SVM is a popular tool in neuroimaging ([24], [29]); we implemented this technique with WEKA ([30]), which is an ubiquitous software that implements SVMs (and many other data mining and statistical techniques). For the SVM, we left all parameters as default except that we changed the kernel type to linear learning and set normalization to true (which normalizes values in each row to a min of 0 and max of 1). We built the SVM model with no training and no cross-validation to find the classification accuracy of the fixed effects model (Table 3, left, which is 100%). For the random effects model we used a k-fold cross-validation scheme and set k = N. This procedure implements the same leave-one-out scheme as MUBADA. The random effects classification of the SVM model then drops to 67% (Table 3, right), a value comparable to MUBADA.

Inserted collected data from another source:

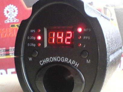 Zusätzlich zur Schußstärke kann das Gerät auch die ROF messen, soweit sie im Bereich von 6-25 RPS liegt.
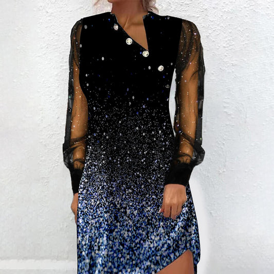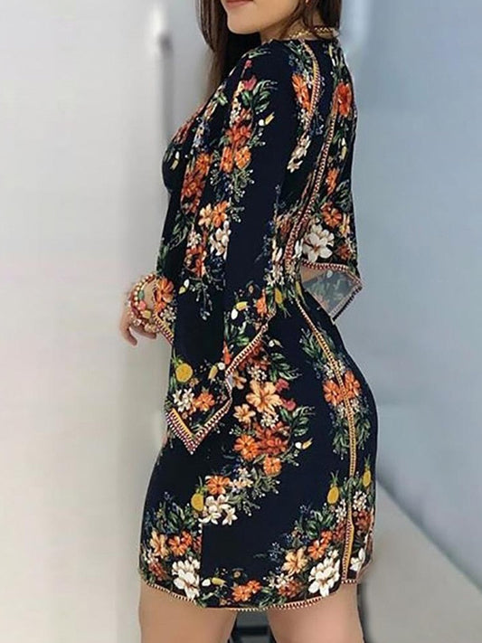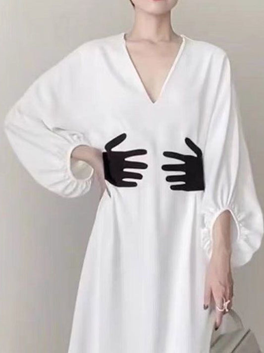 Spring New Fashion High Waist Hand Graphic Print V neck Long Sleeve Dress
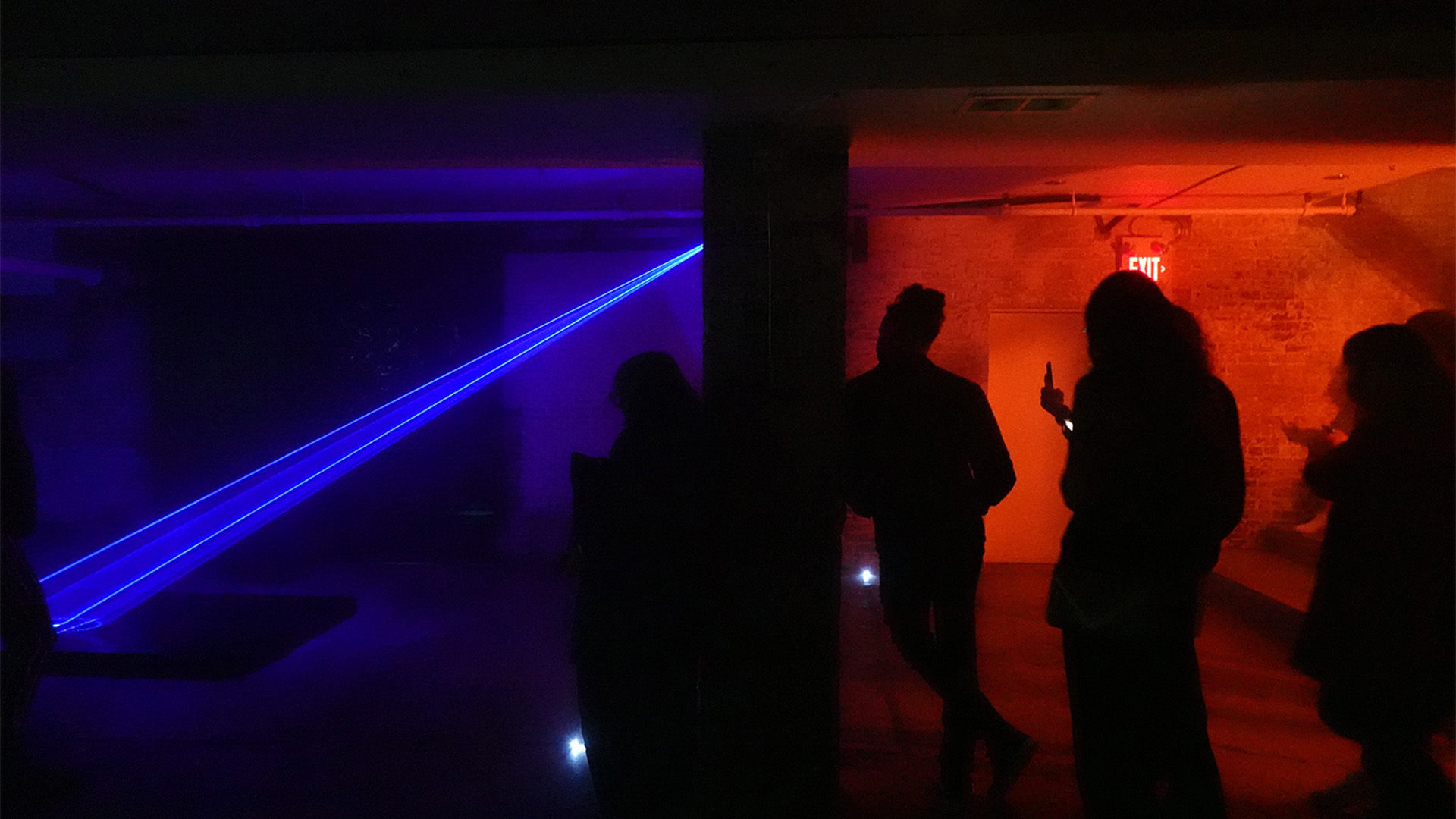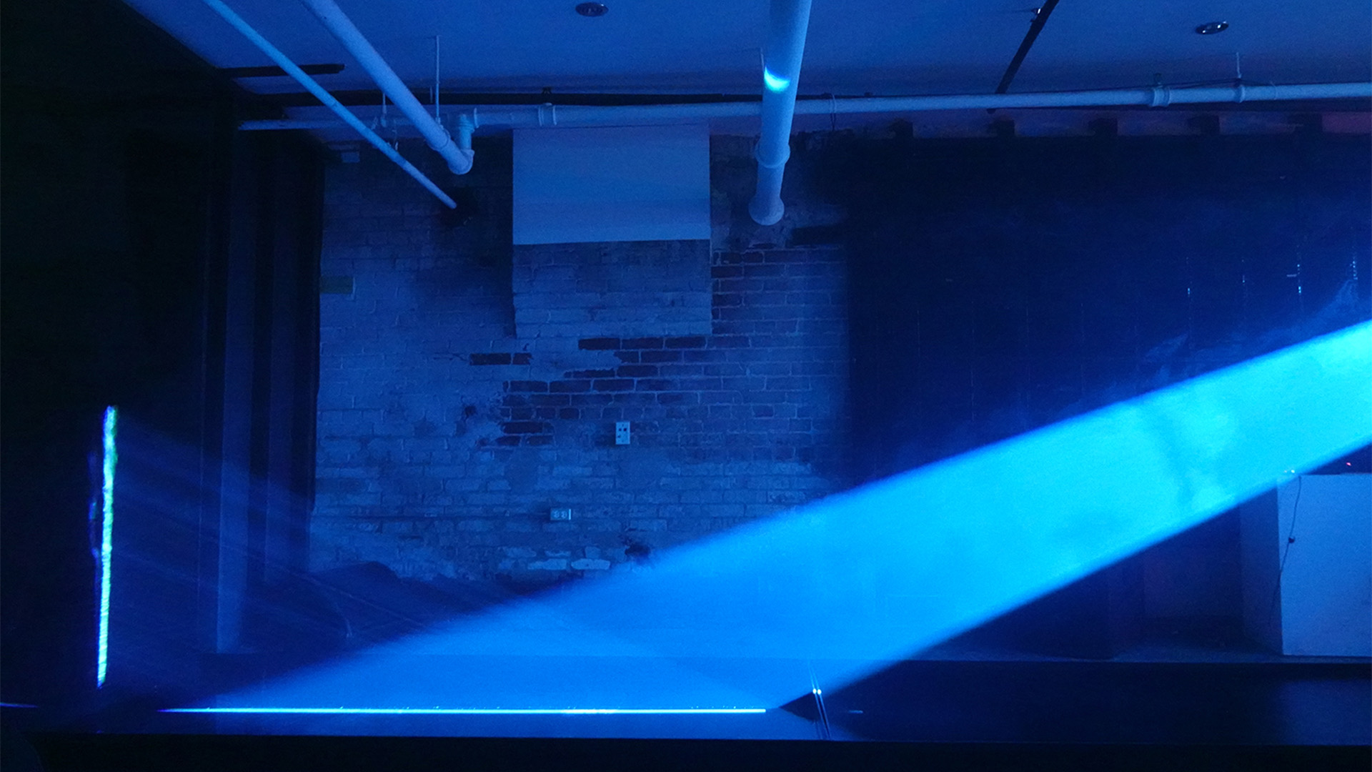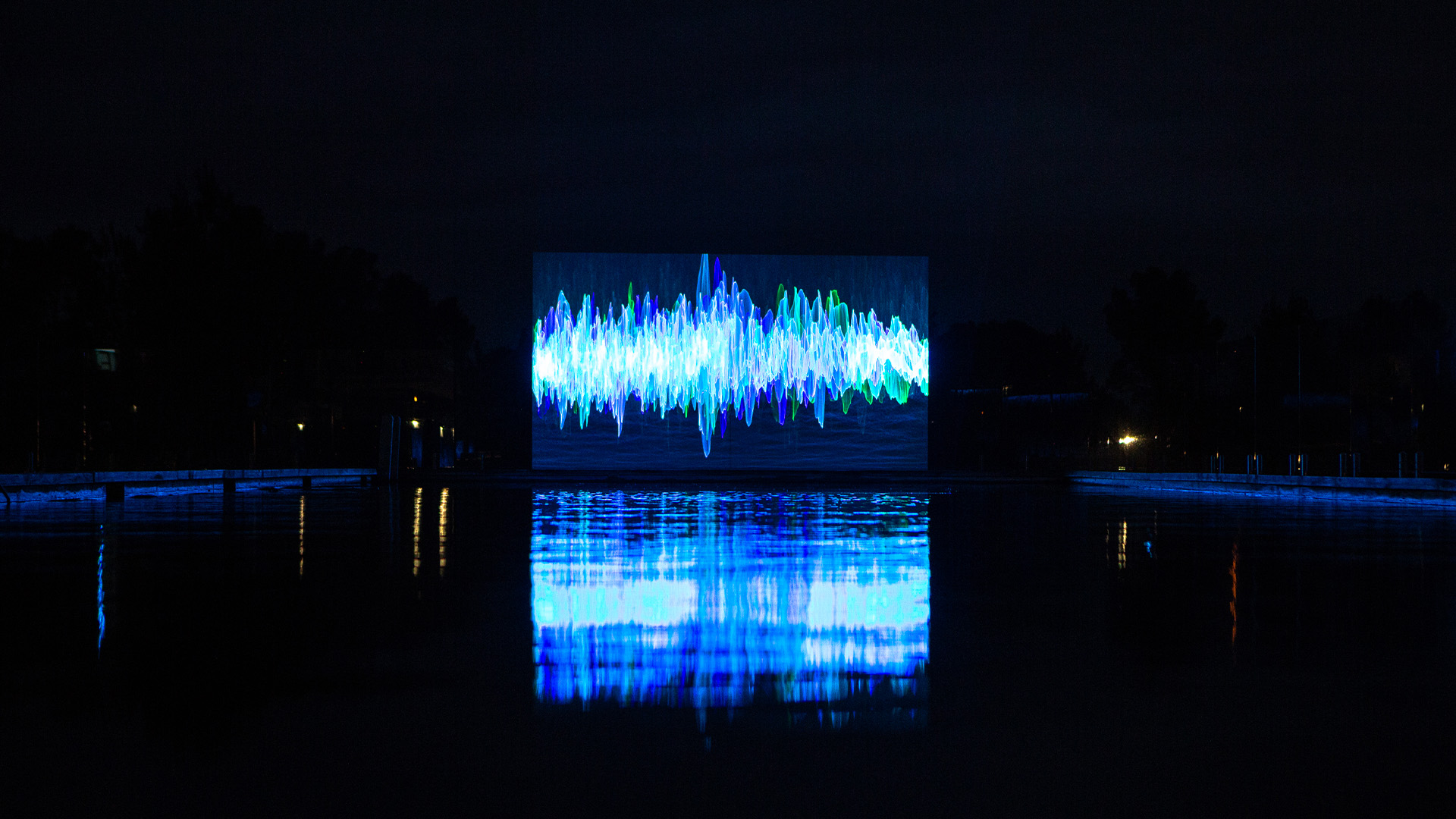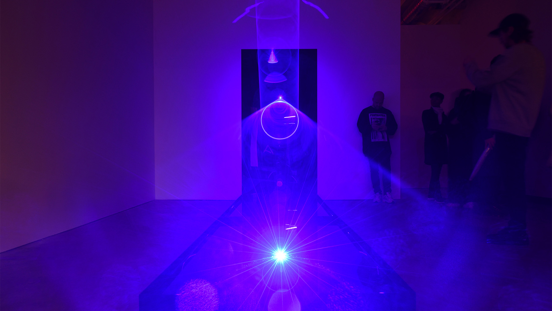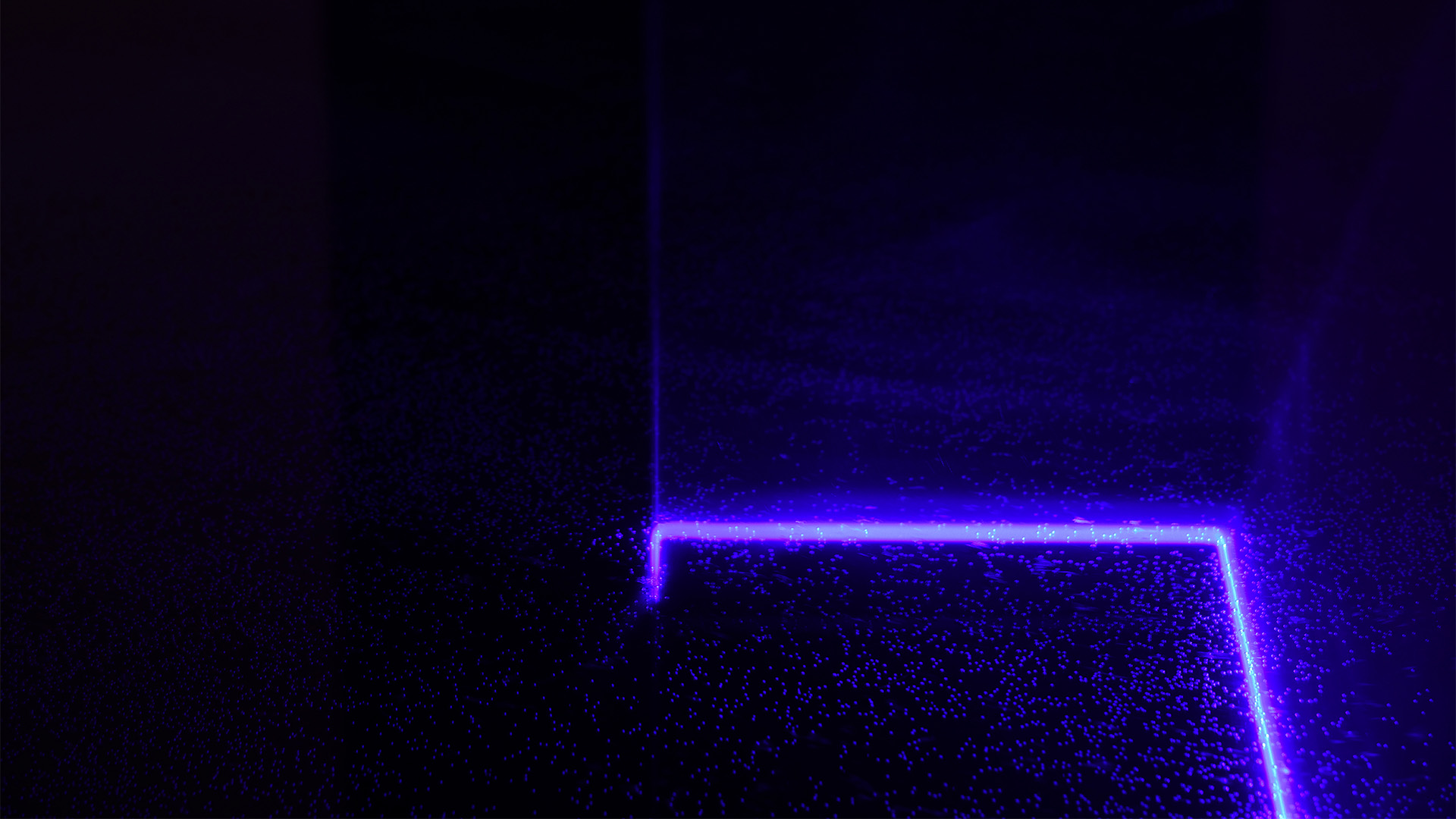 Created by the Montréal-based artists, "Laser Like Water" is a digital art installation intended as a meeting of various elements that together give rise to new perceptions of those same elements only possible as a result of their amalgamation. The piece is composed of brightly-colored lasers and shining ropes that slice through the air, fall apart upon contact with water, and then are reflected and deposited onto a mirrored screen. That ultimately results in the creation of new abstract forms, producing an intense experience - a connection and a synergy within a defined space.

Table 3. Fixed and random effect confusion matrices for linear support vector machine (SVM).

	Fixed Effects Model				Random Effects Model

	Actual Class				Actual Class

	EN	AD	FTD		EN	AD	FTD
EN (N=34)	34	0	0	EN (N=34)	24	8	5
AD (N=37)	0	37	0	AD (N=37)	6	25	7
FTD (N=33)	0	0	33	FTD (N=33)	4	4	21

Open in a new tab

The second technique is a linear discriminant analysis computed on the regularized factor space obtained from a PCA of the participants-by-voxels matrix. We implemented PCA-LDA with 1) our own PCA and PRESS code (available online, see [31]) in Matlab® (R2009a, Mathworks, Inc., Natick, MA) and 2) Matlab's “classify” function (which performs LDA). PRESS revealed that four factors should be used. The fixed-effects model shows only a 66% classification for fixed effects (Table 4, left). To compute the random effects model, we wrote an in-house Matlab script to execute a leave-one-out by 1) performing PCA on N – 1 observations with the left out observation projected as supplementary and 2) using the “classify” function to predict the left out observation. The random effects model maintains nearly the same prediction level as the fixed effects model at 65% (Table 4, right).

Table 4.

Fixed and random effect confusion matrices for PCA+LDA (4 factors).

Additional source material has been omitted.